(DATA FOR THIS EXERCISE):

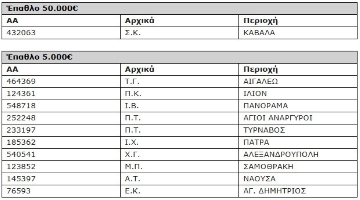 - 1 υπερτυχερός κέρδισε 50.000€,
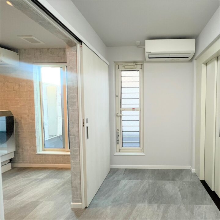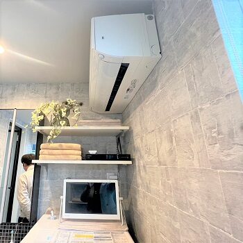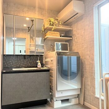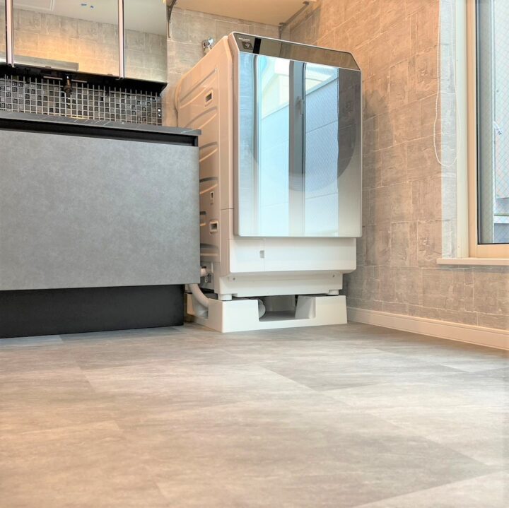 浴室・洗面脱衣室との間仕切り壁です。クロスと床のカラーを統一し、奥行きの広さを感じられるようにコーディネートをしました。
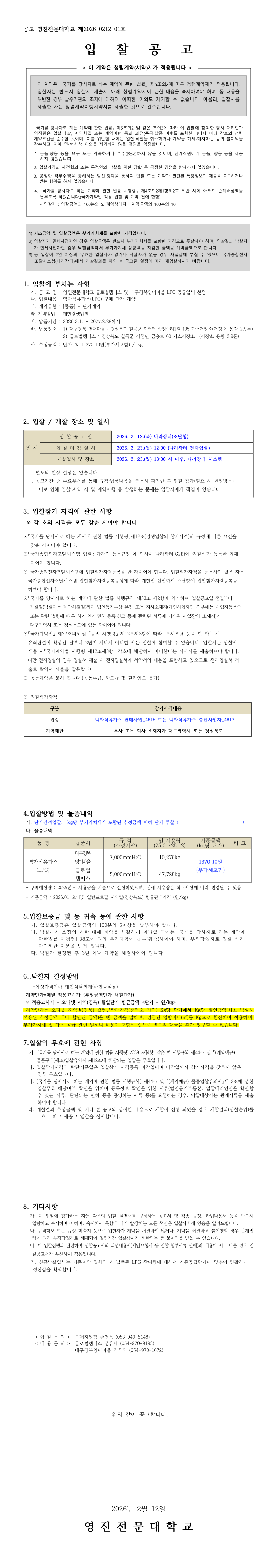 영진전문대학교 글로벌캠퍼스 및 대구경북영어마을 액화석유가스 공급 단가 계약 |
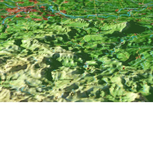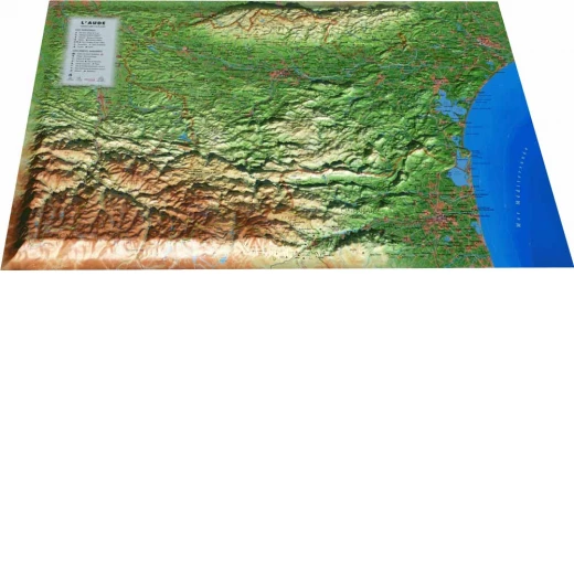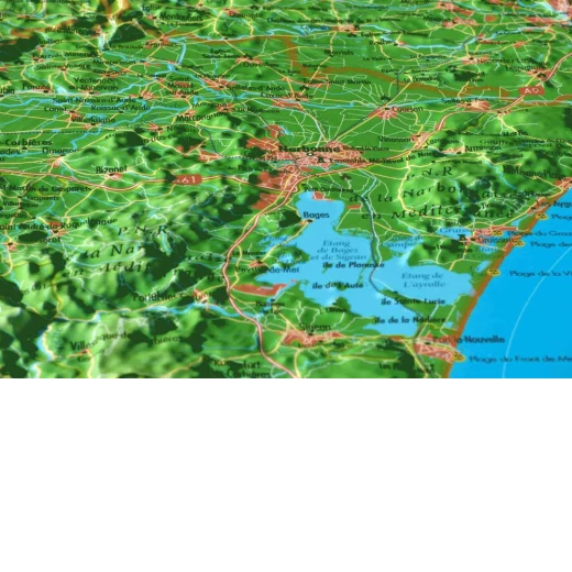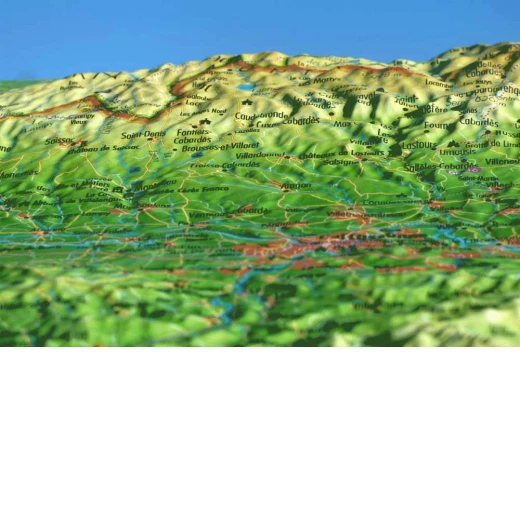Cette carte en relief 3Dmap de l’Aude s’adresse aussi bien aux randonneurs, qu'aux grimpeurs, skieurs et parapentistes ! Réalisée en France, la carte 3Dmap est un outil à usage récréatif et éducatif. Réalisée avec des procédés innovants et un logiciel de traitement 3D spécifique, cette carte de 41 cm x 61 cm est un excellent moyen de s’approprier le relief de l’Aude.
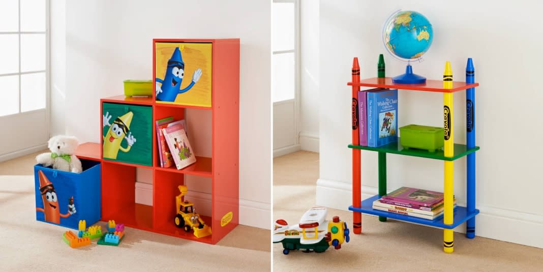 The legs on this adorable Table & Chairs 3pc set are oversized Crayola pencils. How cute!? And you can kit their room out in matching furniture, from 1-2-3 Shelving Units and 6 Cube Shelves, to the 3 Shelf Bookcase and lots more toy storage solutions to boot.
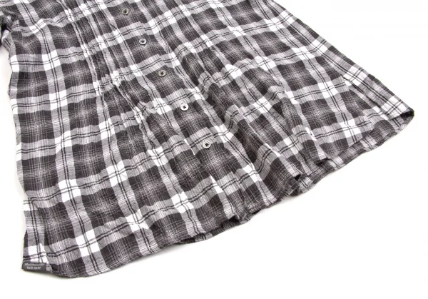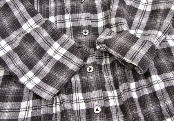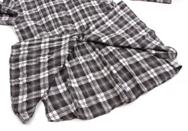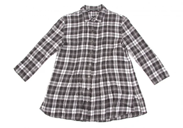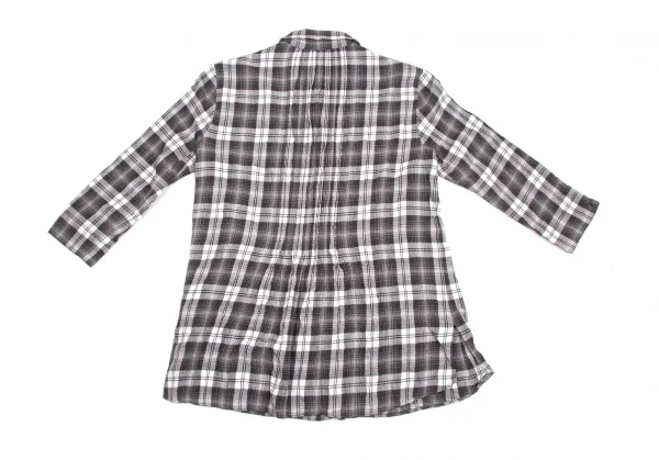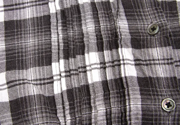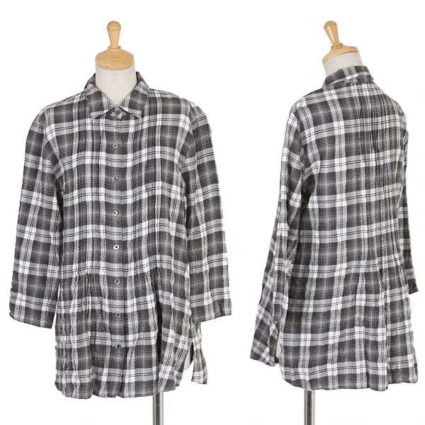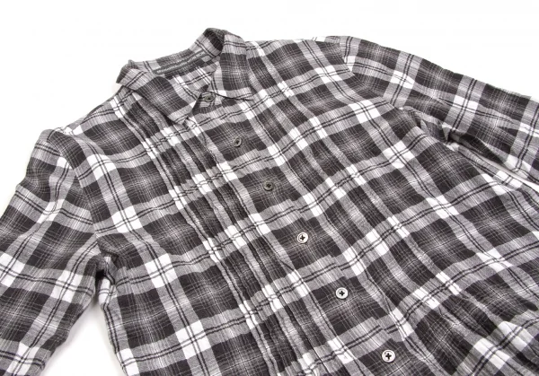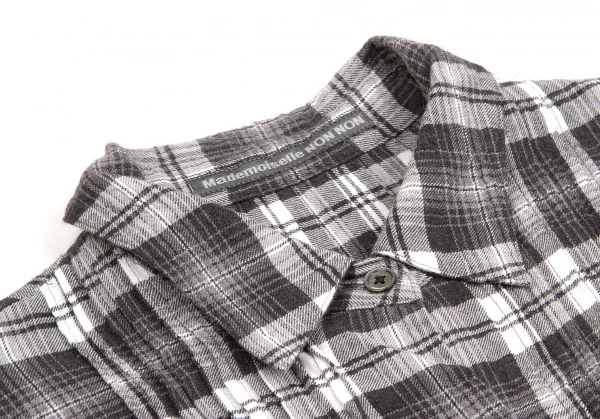 マドモアゼルノンノンMademoiselle NON NON ピンタックシワ加工チェックシャツ グレー白L位
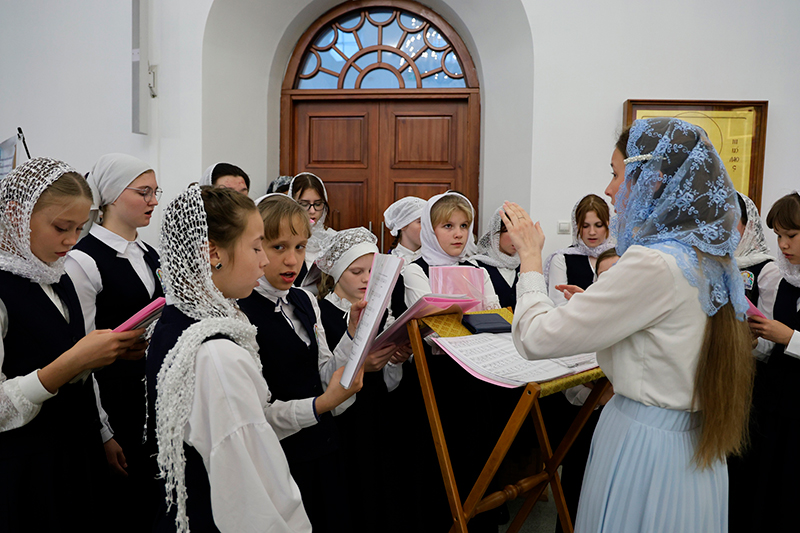 За богослужением песнопения исполняли: хор Благовещенского собора; хор регентской школы при ТДС; хор женских классов Тобольской православной гимназии.
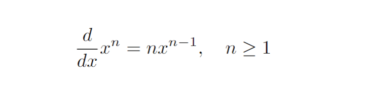 You might have learned a couple ways for proving this formula. One is to directly apply the definition of the derivative, making use of the binomial formula and the limit techniques. An easier way, for integral powers excluding -1, is to simply use induction on n. We know that the derivative of x is 1 from the definition.
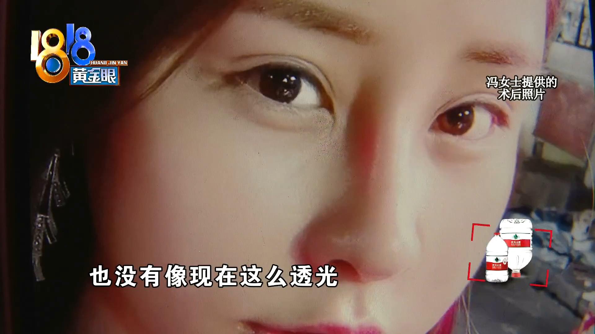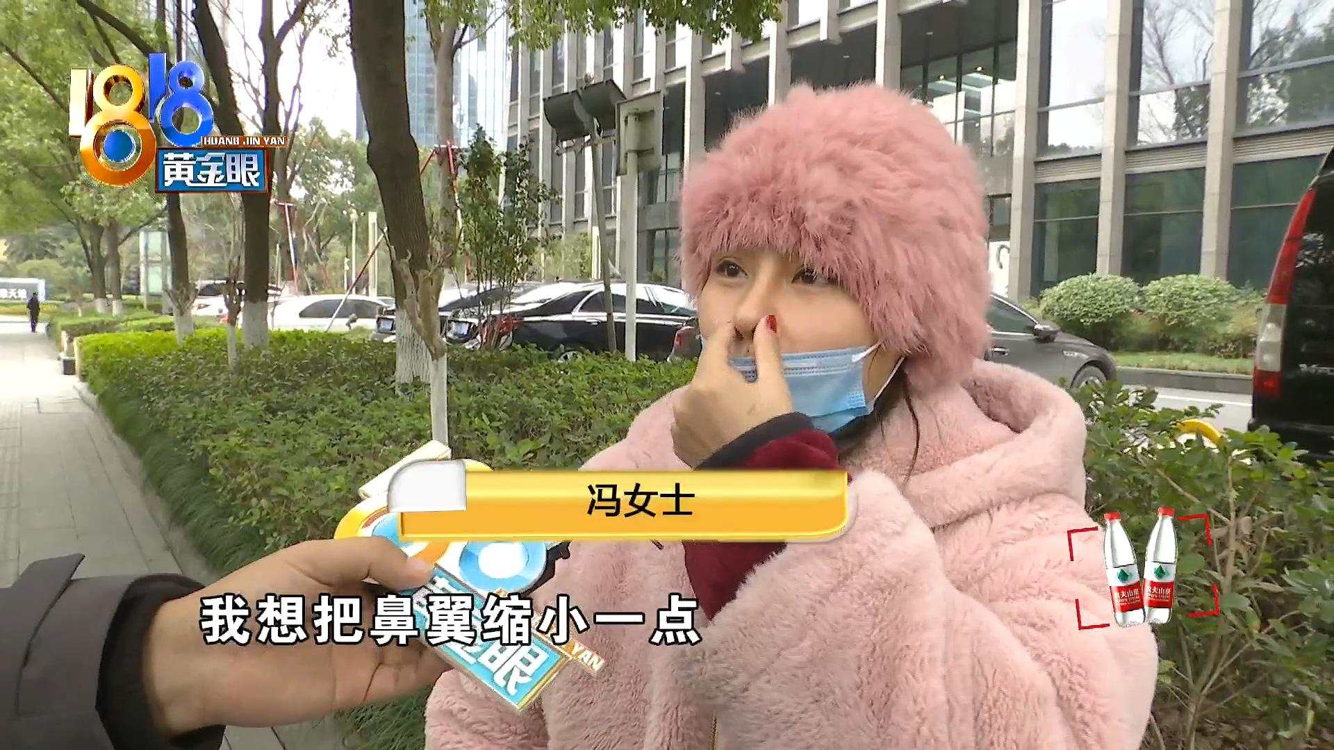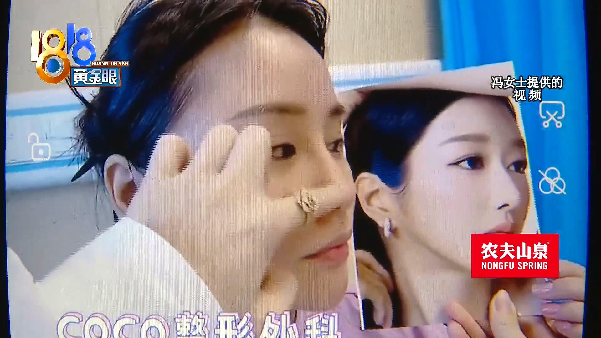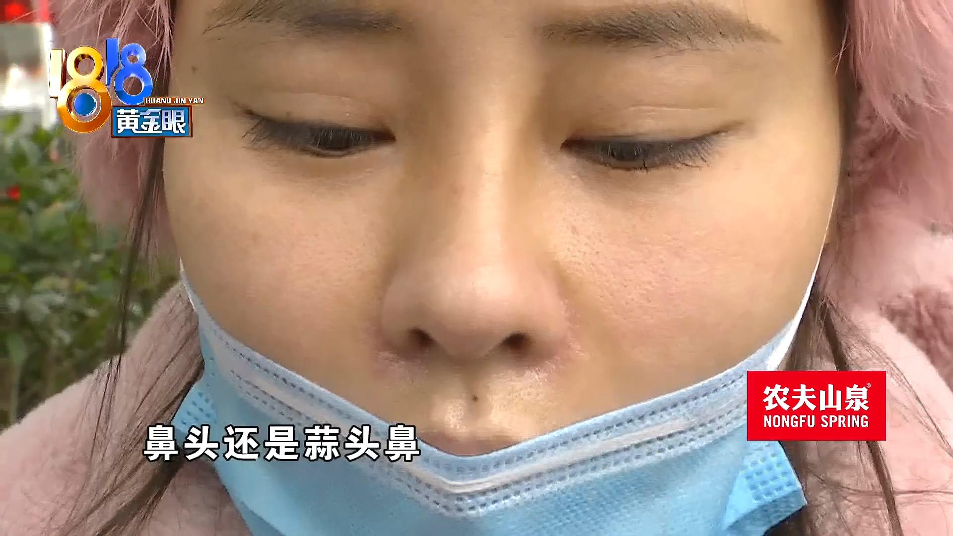 冯女士:有点往上,然后鼻孔也是漏出来的,就完全不一样,而且那个鼻子是很小的,有鼻翼也缩小的,但我这个鼻翼还是这么大,鼻头还是蒜头鼻,鼻梁是往这边歪的嘛,就是歪得挺那个的。
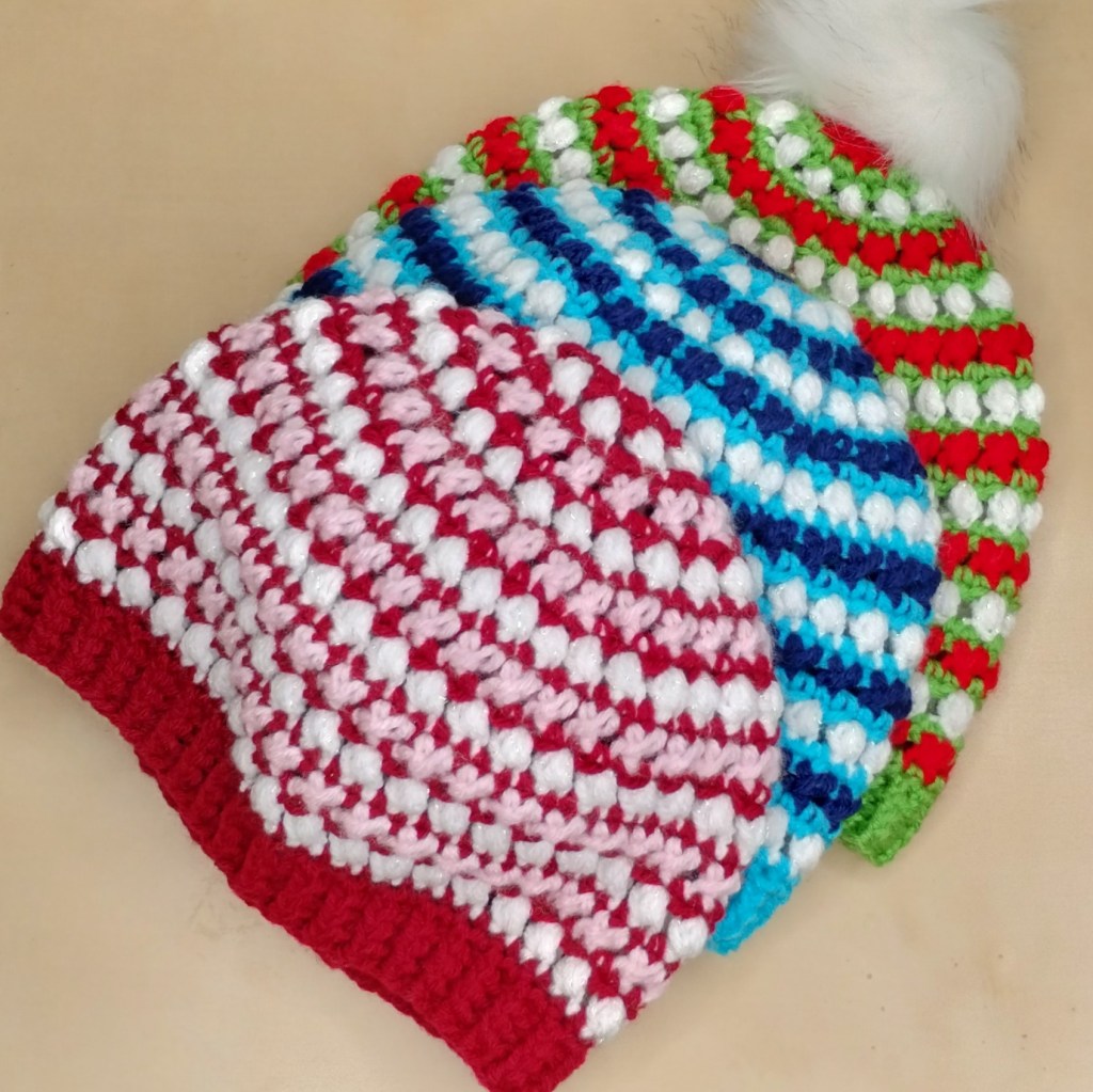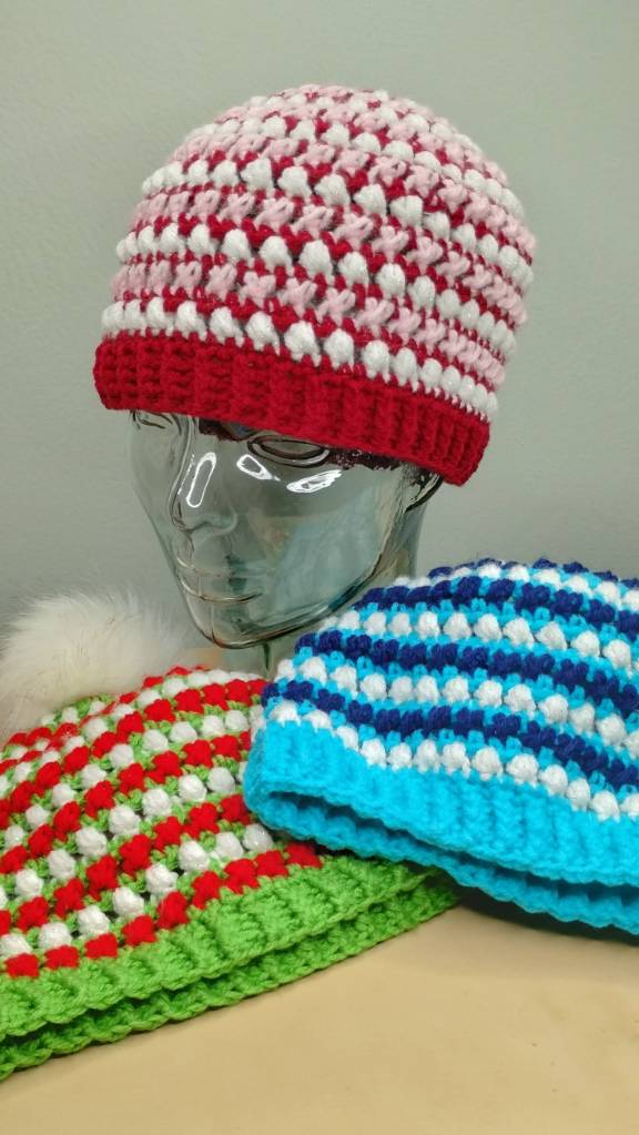 The Rosa Beanie is an easy advanced beginner repeating pattern that can be made in child or adult size and can be customized to be snug or slouchy. I created this pattern because I loved how the reverse side of the hdc cluster resembled pink ribbons and the puffs were like little kisses of snow throughout.
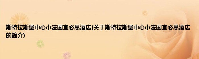 本文关于斯特拉斯堡中心小法国宜必思酒店的简介就讲解完毕,希望对大家有所帮助。
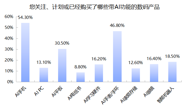 一年一度的电商618大促正在进行,消费市场再度火热。整体来看,3C数码品类线上市场仍处于快速增长阶段,各大平台正通过差异化策略争夺市场份额。从销售增速来看,各大平台均呈现出不同程度的增长态势,京东以50%以上的增速领跑,淘天集团(天猫+淘宝)整体增速超过30%,抖音同样以50%以上的增速紧追,拼多多增速超过30%,快手增速也超过40%,3C数码品类持续受到消费者关注。近日,时代周报发起《618消费者购买3C数码产品趋势》调查,进一步了解消费者在电商大促期间购买3C数码产品,尤其带AI功能的产品的情形。此次调查问卷共收集3000份,25岁-44岁的受访者占比达67%,来自二三线及以上城市的受访者占比八成,普通上班族的比例约为70%。相较以往,带AI功能的3C数码产品今年更受青睐,超过一半的受访者明确表示AI功能是新趋势,对此非常感兴趣。而在购买平台方面,京东因售后保障、价格优惠和产品品质等因素,成为消费者购买3C数码产品考虑最多的平台。众所周知,电子行业产品技术升级快,消费市场一度有着较明显的换机周期。该周期往往取决于产品的技术迭代或上新时间。近年来随着消费电子趋势的变化,一些数码产品的换机周期有所延长,消费者在做出购买决定时显得尤为谨慎。此前平安证券就发布研报称,针对数码产品的补贴有利于降低购机成本,刺激消费者的购机需求。另外随着全球AI手机渗透率持续提升,也看好AI背景下的换机周期。具体到今年618,智能手机、智能穿戴装备和无线耳机,在受访者已经或计划购买的数码产品中排名靠前。预算方面,34%的消费者预算在3000元-5000元,占比最高;预算在5000元以上的占比也达到30%。带AI功能数码产品关注度高 AI手机最抢手据了解,今年618京东重点关注的AI品类达到九种,包括AI机器人、AI眼镜、AI手机、AI电脑、AI平板、AI教育硬件、AI智能音箱、AI家庭存储、AI电纸书等。销售数据层面,AI相关商品更是成为不折不扣的黑马。618截至目前,在带AI功能的数码产品中,AI手机、AI手表/手环、AI平板占据受访者重点关注(或购买)的前三位。3000份有效问卷中,关注或已购买AI手机的人数达到1628人;这个数字在AI手表/手环和AI平板上分别是1404人和914人。或许较出乎意料的是,关注或已购买智能机器人的消费者达到556人,一定程度上反映出今年机器人行业的火热。对消费者而言,技术尝鲜或是购买AI数码产品的一大原因,但功能实用性无疑仍是决定性因素。具体到功能层面,如在电脑产品中,最受关注的前五位AI功能是AI图像视频处理、AI办公软件、AI智能助理、AI翻译功能和AI文档写作;在手机产品中,则是AI翻译、AI语音智能助手、AI相机、AI健康检测和AI识图;在学习硬件产品中,则是多思路解题、AI口语训练、学习路径规划、AI作业批改以及护眼与坐姿管理。而在智能穿戴产品的细分中,智能手表的健康监测和运动分析成为关注程度最高的AI功能;其次是智能耳机和智能眼镜的相关功能,比如智能降噪、第一视角摄影摄像以及图像识别等。今年的618大促,国补政策无疑是一大利好。中信证券最新研报表示,从品类维度看,618大促“国补+平台补”的低价心智与国补品类高客单价、长周期消费决策的特征更为契合。这一点在销售数据上也得以体现——从初期数据来看,国补品类的表现就非常强势。除了国补,京东618期间还推出“京补合约”的购机新方式,消费者可叠加合约购机补贴和国家补贴,同时获得新号卡和话费套餐。尤其值得说明的是,消费者可通过“京补合约”下单6000元以上的手机产品,享受到更多补贴优惠。此外,88%的消费者还表示,会因为国补而增加下单频次。在新品方面,近70%的消费者则称,购买3C数码的新品时已使用过国补。进一步来看,在诸多影响国补使用体验的因素中,“国补可以叠加其他优惠”成为消费者做出上述选择的首要原因。其次,售后服务保障、物流速度快、正品品质、补贴券使用方便,以及覆盖品类更丰富齐全等,也是消费者考虑的重要因素。而这与京东的传统优势十分契合。综合调研数据来看,618固然掀起的是一场购物热潮,但它同时是观察行业和消费趋势变化的一个重要窗口。对各电商平台而言,新一轮的考验正在进行当中。

(WORK ORDER): Starting at the line above that holds "За богослужением песнопения", return each line up to and including the one that holds "The Rosa Beanie", exactly as written, minus any pictures.

(EXERCISE RESPONSE):
 За богослужением песнопения исполняли: хор Благовещенского собора; хор регентской школы при ТДС; хор женских классов Тобольской православной гимназии.
 You might have learned a couple ways for proving this formula. One is to directly apply the definition of the derivative, making use of the binomial formula and the limit techniques. An easier way, for integral powers excluding -1, is to simply use induction on n. We know that the derivative of x is 1 from the definition.
 冯女士:有点往上,然后鼻孔也是漏出来的,就完全不一样,而且那个鼻子是很小的,有鼻翼也缩小的,但我这个鼻翼还是这么大,鼻头还是蒜头鼻,鼻梁是往这边歪的嘛,就是歪得挺那个的。
 The Rosa Beanie is an easy advanced beginner repeating pattern that can be made in child or adult size and can be customized to be snug or slouchy. I created this pattern because I loved how the reverse side of the hdc cluster resembled pink ribbons and the puffs were like little kisses of snow throughout.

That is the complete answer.